Traditional Methods:
- Find a designer to communicate requirements (high cost, long cycle)
- Search stock image websites (copyright issues, not fitting enough)
- Use Photoshop yourself (high technical barrier)
Scenario 2: Product Design
"Help me design a minimalist logo themed 'AI-driven education'"
Scenario 3: Advertising Materials
"Generate a promotional poster for Double 11 sale, tech style, 3D rendering"
Scenario 4: UI Prototype
"Generate a mobile app login page, dark theme, with email and password input fields"
AI image generation solves these problems, letting you describe needs in natural language and have AI generate images in seconds.
What Is It? (Concept)
Image Generation is "text-to-image" AI technology, describing scenes in natural language and having AI generate corresponding images.
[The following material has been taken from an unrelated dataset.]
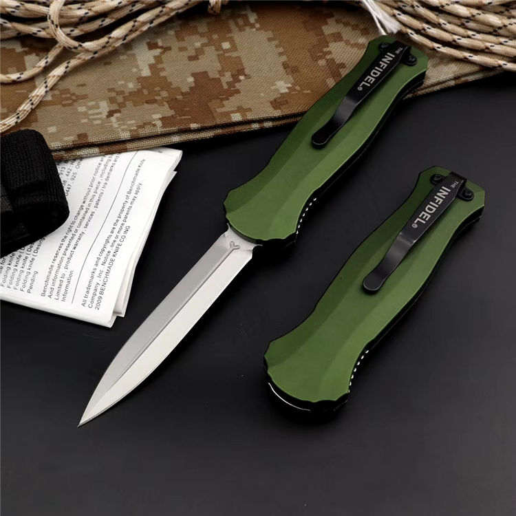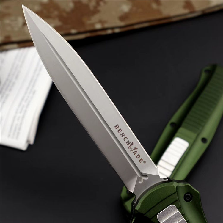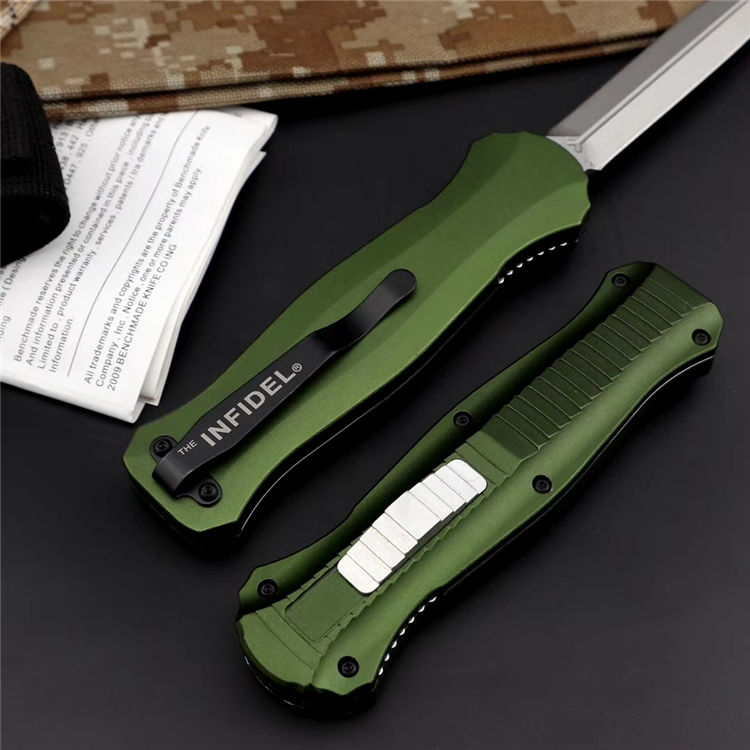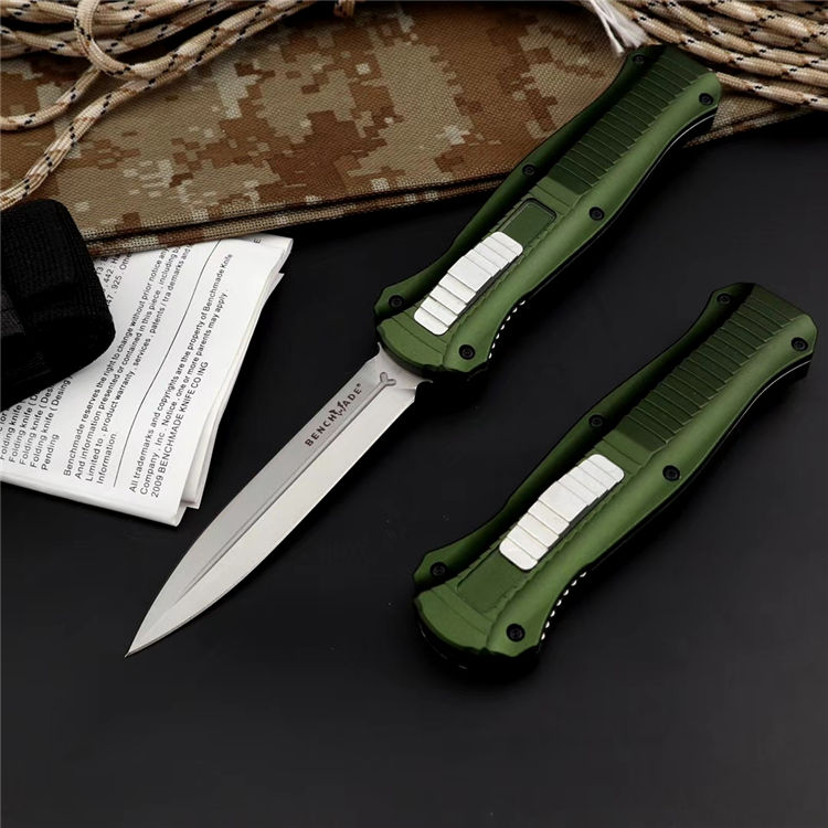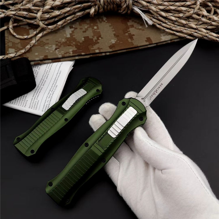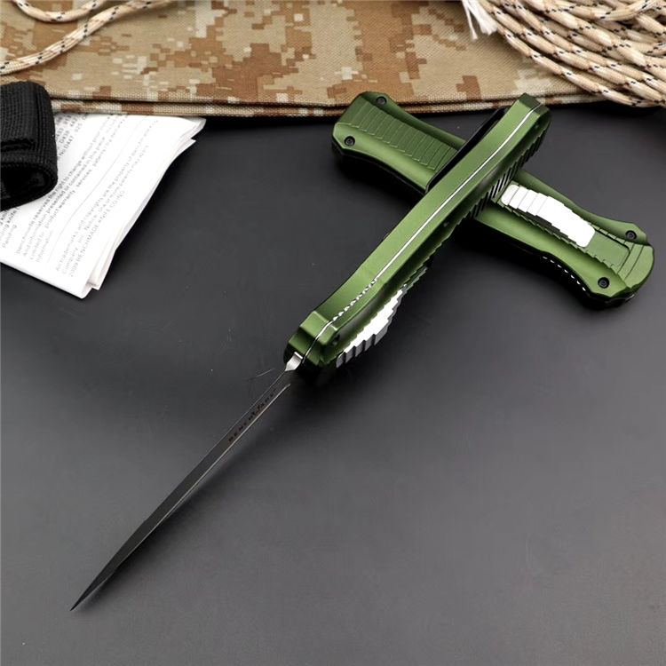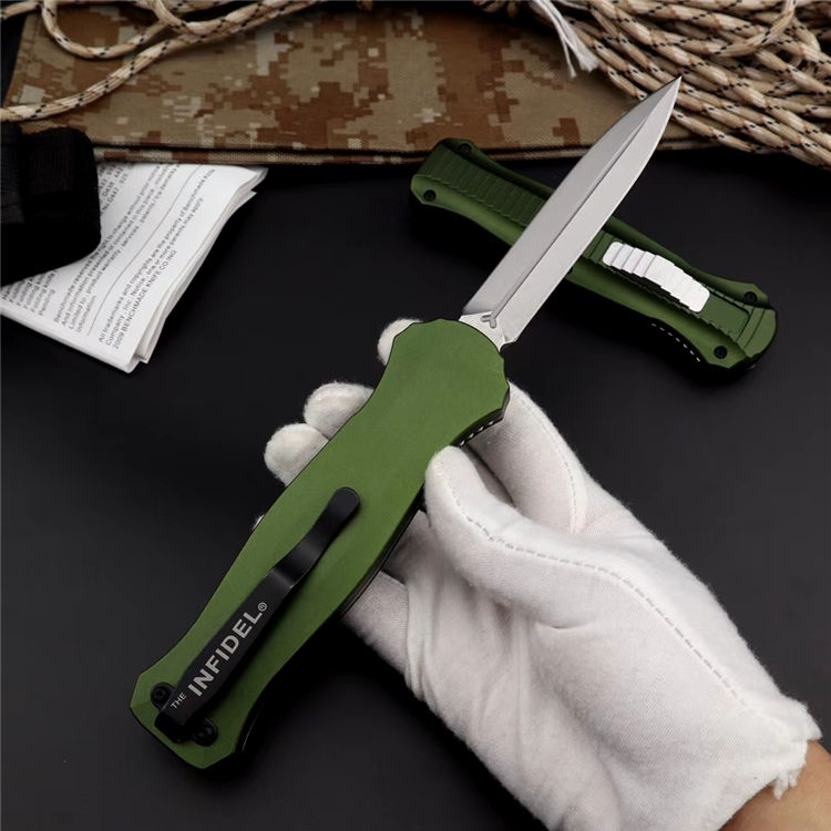 蝴蝶3310绿版直出跳刀 品牌:蝴蝶 全长:22.5cm 刃长:9.8cm 刃厚:3.2mm 刃材:D2 硬度:60HRC 总重量:205.0克(含包装物) 表面:精细沙光(刀刃) 锁闭:弹簧直出 柄材:6061铝材经CNC电脑锣成型,极度精密 刀鞘:尼龙套

Popular Image Generation Models:
| Model | Company | Price | Features | Use Cases |
|---|---|---|---|---|
| DALL-E 3 | OpenAI | $0.04/image (1024x1024) $0.08/image (1024x1792) | High quality, understands complex prompts | Commercial design, content creation |
| DALL-E 2 | OpenAI | $0.02/image (1024x1024) | Cost-effective, fast | Rapid prototyping, sketches |
| Stable Diffusion | Stability AI | Open source free (self-hosted) API $0.002/image | Highly controllable, many styles | Artistic creation, customization |
| Midjourney | Midjourney | $10/month (200 images) | Artistic, art styles | Illustration, concept design |
| Imagen | Not yet public | Photo-realistic | Commercial ads, product images |
DALL-E 3 vs Stable Diffusion
- DALL-E 3: Foolproof, simple prompts produce good images, but more expensive
- Stable Diffusion: Requires learning prompt techniques, but allows fine control, open source and free
DALL-E 3 Workflow:
Basic Code Example:
from openai import OpenAI
client = OpenAI()
response = client.images.generate(
model="dall-e-3",
prompt="An orange cat coding, cyberpunk style, high definition, rich in detail",
size="1024x1024", # 1024x1024 | 1024x1792 | 1792x1024
quality="standard", # standard | hd
n=1 # Number of images to generate (DALL-E 3 only supports 1)
)
image_url = response.data[0].url
print(f"Image URL: {image_url}")Parameter Details:
| Parameter | Description | Options |
|---|---|---|
model | Model version | dall-e-3 |
prompt | Text description (English works better) | Max 4000 characters |
size | Image size | 1024x1024 (square)1024x1792 (portrait)1792x1024 (landscape) |
quality | Image quality | standard (standard, faster)hd (high-definition, 2x price) |
style | Art style | vivid (vivid, default)natural (natural) |
n | Generation count | DALL-E 3: 1 DALL-E 2: 1-10 |
Prompt Writing Techniques:
Prompt Formula:
[Subject] + [Action/State] + [Style] + [Environment/Background] + [Details] + [Quality Words]Examples:
| Scenario | Prompt | Breakdown |
|---|---|---|
| Tech Blog Illustration | A developer coding on laptop, cyberpunk style, neon lights, dark room, high quality, digital art | Subject: developer Action: coding Style: cyberpunk Environment: dark room, neon lights Quality: high definition, digital art |
| Product Logo | Minimalist logo design for AI education, blue and white, geometric shapes, modern, professional | Subject: logo Style: minimalist Color: blue and white Elements: geometric shapes Quality: modern, professional |
| UI Prototype | Mobile app login screen, dark theme, email and password input fields, rounded buttons, gradient background, modern UI design | Subject: login page Platform: mobile app Theme: dark Elements: email, password, rounded buttons Style: modern UI |
Content Policy
DALL-E 3 will refuse to generate:
- Violent, gory, pornographic content
- Real public figures
- Copyright-protected characters (e.g., Disney characters)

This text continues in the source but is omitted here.